Right now our Senator and Congressman are trying to get an exception for Camden from the US Dept. of Justice. The public discourse is revolving around the fact that Camden citizens need more police. I say, let's focus on the real issue, not the issue du jour.

We have exactly the city we want in Camden. If we wanted something else, we would have it. What have you done to change the way the city operates? Have you voted? Have you attended a public meeting? Have you enlisted your co-workers or neighbors? Has your neighborhood group held a public candidate forum? Have you lobbied your state reps for accountability? Have you sought to build community? Do you work with other groups or do you compete for attention? This city is like many others. Groups and neighborhoods are divided into silos. Easier to manage politically that way. Each group and neighborhood fixates on itself and competes for scraps with the others, ensuring that cooperation and good will are always thwarted. People outside blame those who live inside, usually invoking racial epithets as if that will change anything. People inside blame people outside who left and won't help the city. It's a vicious circle that won't end if we continue to do the same things we do now.

The state, the residents, the elected officials, the civic leaders, the corporations, the business people, the people who work here and don't live here are all responsible for the sad state this city is in. Again, if we truly wanted something different, we would have it. I'm not suggesting that people aren't doing good things in Camden; they are. There are wonderful nonprofits that build and renovate houses, grow gardens, work with kids, train people for jobs, operate preschools and charter schools, and feed the poor and homeless. Yet nothing changes in this city? We have new development, a lovely waterfront, new market rate housing, new hospital buildings, new University buildings. And yet the city doesn't change. While we each toil at the margins, we each ignore the cancer that eats this city daily. We have no accountability of our leaders, our city workers, the outcomes of our tax dollars, nor expectations for improvement. We have all collectively thrown up our hands and said, the city will not change, so let me work over here in this little corner and do something.

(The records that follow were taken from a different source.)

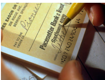
When we are faithful to God – God is faithful to us.

Proverbs 3:9,10 Honour the LORD with your possessions, and with THE FIRSTFRUITS OF ALL YOUR INCREASE; so your barns will be filled with plenty, and your vats will overflow with new wine.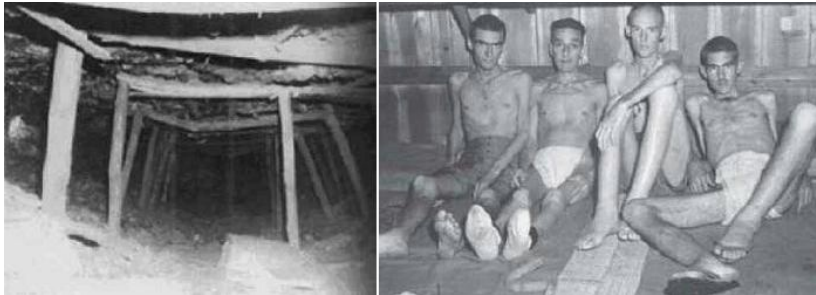
Dangerous conditions at the Mitsui Miike coal mine in Fukuoka and Allied POWs in Japan after liberation

Last year's flurry of media coverage reflected the nationalities of the World War II prisoners involved: 197 Australian, 101 British and two Dutch.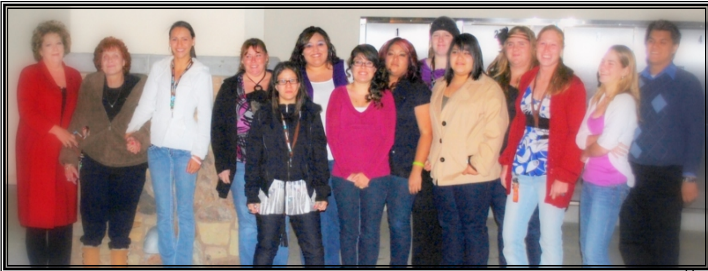
250 Hour Club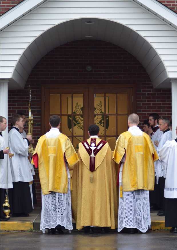
Clergy, servers, and students pause outside the doors of the new academy during the school blessing ceremony.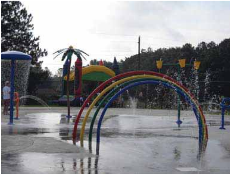
Sumter County, GA: $246,000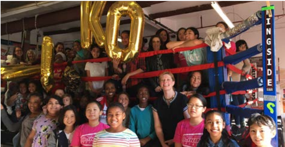
Toronto Foundation's Women In Philanthropy Bus Tour visits MJKO.

THE STOP helps families overcome the root causes of poverty and hunger through programs that build skills, health, hope, and community while maintaining dignity. One of Canada's first food banks, The Stop and has evolved over the years to provide not only drop-in meals, a food bank, and community kitchens and gardens, but also perinatal and family support, and effective civic engagement programs for marginalized, socially isolated and low income people in the Davenport West and Christie/St. Clair areas. www.thestop.org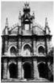
Plate 10 The Christian community in Thumba very graciously gave up this beautiful Church to house the first unit of the Space Research Centre.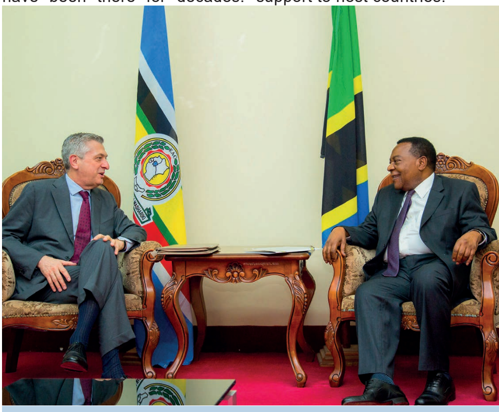
The High Commissioner of UNHCR, Mr. Filippo Grandi (left) meets with the former Minister of Foreign Affairs and East African Cooperation, Hon. Dr. Augustine Mahiga (right).

per cent are from the Democratic Mr. Grandi praised Tanzania for Republic of Congo. The vast supporting the Global Compact majority live in camps close on Refugees, an approach which to the border areas and many calls for greater international have been there for decades. support to host countries.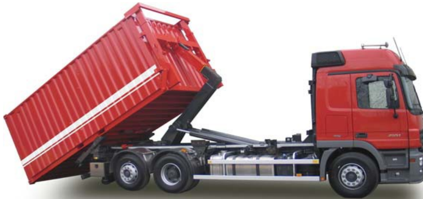
Pic. 2: ContiLift Hook Lift SC 266 with Adapter Kit ICAK-20-H for 20' ISO Container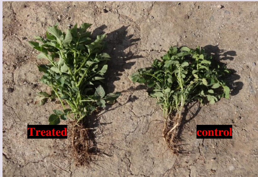
The effects of Algora & Waker mix on potato Kordestan - ghorveh - 2015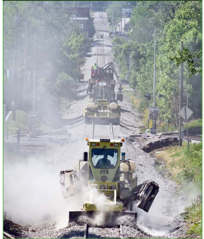
A CSX spreader smooths out the ballast through, Madisonville, Ky as it approaches the overpass on North Main Street, Wednesday, May 5th, 2010 during the current right-of-way upgrades on the Henderson Subdivision.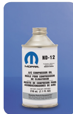
ND-12 COMPRESSOR OIL Formulated for use in automotive air conditioning systems using R-1234yf refrigerants. 210 mL Can MSQ: 1 Can Part No. 68224150AA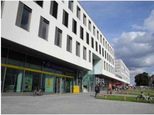
Railway Station Pasing Munich 960kW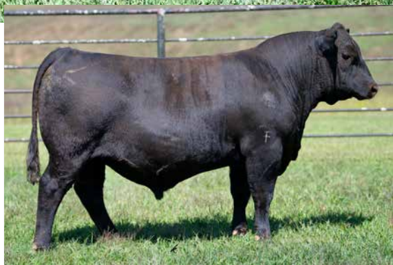
GIBBS FAST TRACK 0634H Son of Triple Crown.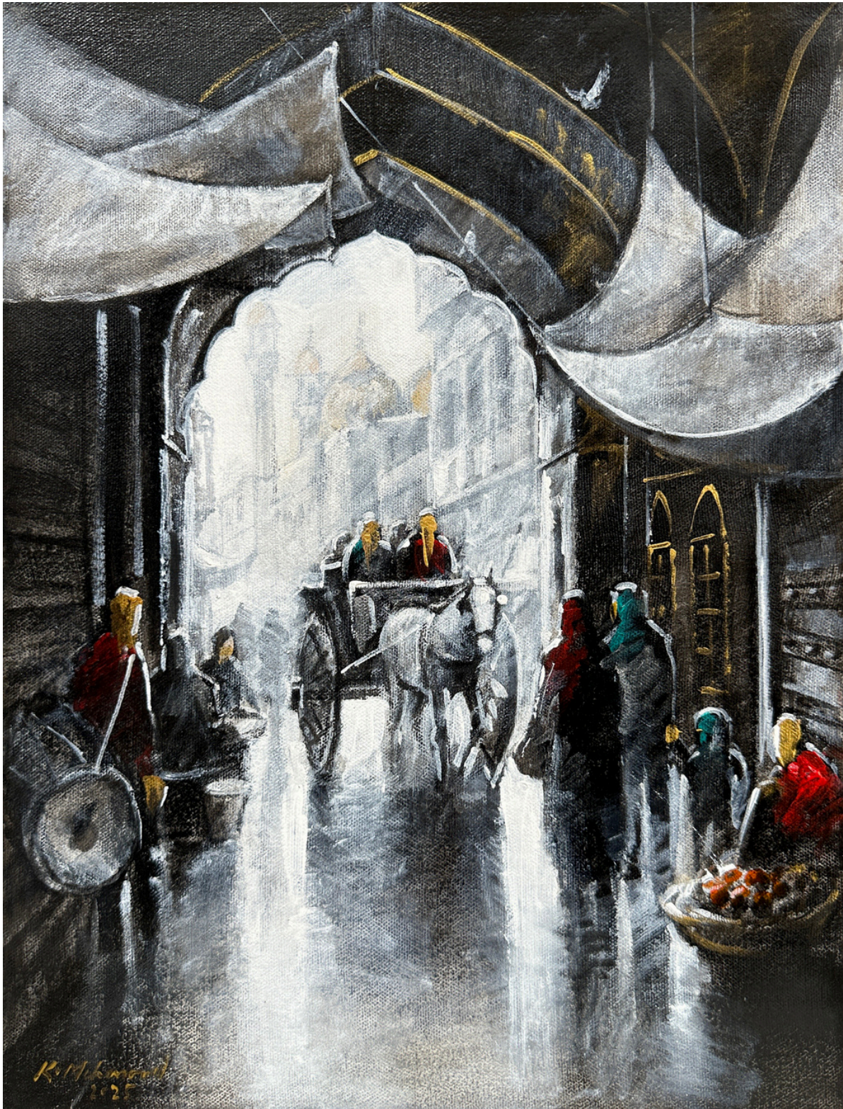
A Passage Through Lohari Gate 12 x 16 inches - Charcoal & Acrylic on Canvas

What am I doing? I teach students by having them examine the city and think about solutions to these vexing issues. I am trying to work with local high school and community college students to blog about the issues they see every day around them in order to be a catalyst for community conversation. I write this blog in the same spirit of community conversation. I patronize local businesses. I read the CP. I seek every day to engage my employer, RU, in the lifeblood of this city. What I do is the same as what you do. I toil on the margins in my little venues and hope it makes a difference. Meanwhile, I too ignore the cancer in this city and I teach this stuff.

I challenge everyone who reads this blog, whether you live in Camden or not, to think about how you contribute to the ongoing problems of this city, what talents you are not sharing with this city, and what you could do contribute to a better Camden. Will you run for office? Will you demand accountability from the city? Will you work with others to create an effective, not a siloed community? I don't have all the answers. But I do know that what we are doing is not working. If we continue to do the same, we will have the same results. And we must expect, demand, and experience a different Camden.

Thoughts?

1 comment:

MsEdufuture said...

My sentiments exactly, Camden is exactly the way citizens want it. But the underlying fact is that most of its residents fall short of the energy it takes to do affect change, of they feel inadequate to do so, so the end result is poverty,crime,illiteracy,and city government theft. If everyone person in Camden knew how much the city was given to be protected, then there would be a difference in how people lived here. Since all of this kept quiet, no one knows, no one cares. This is the same way I feel about Philadelphia and the mayor wanting to close schools. Not only is he taking money from the children, but he is potentially heighten the murder rates. I am like u, I don't have an answer, but I believe that I can create a small dent it making a solution forseeable.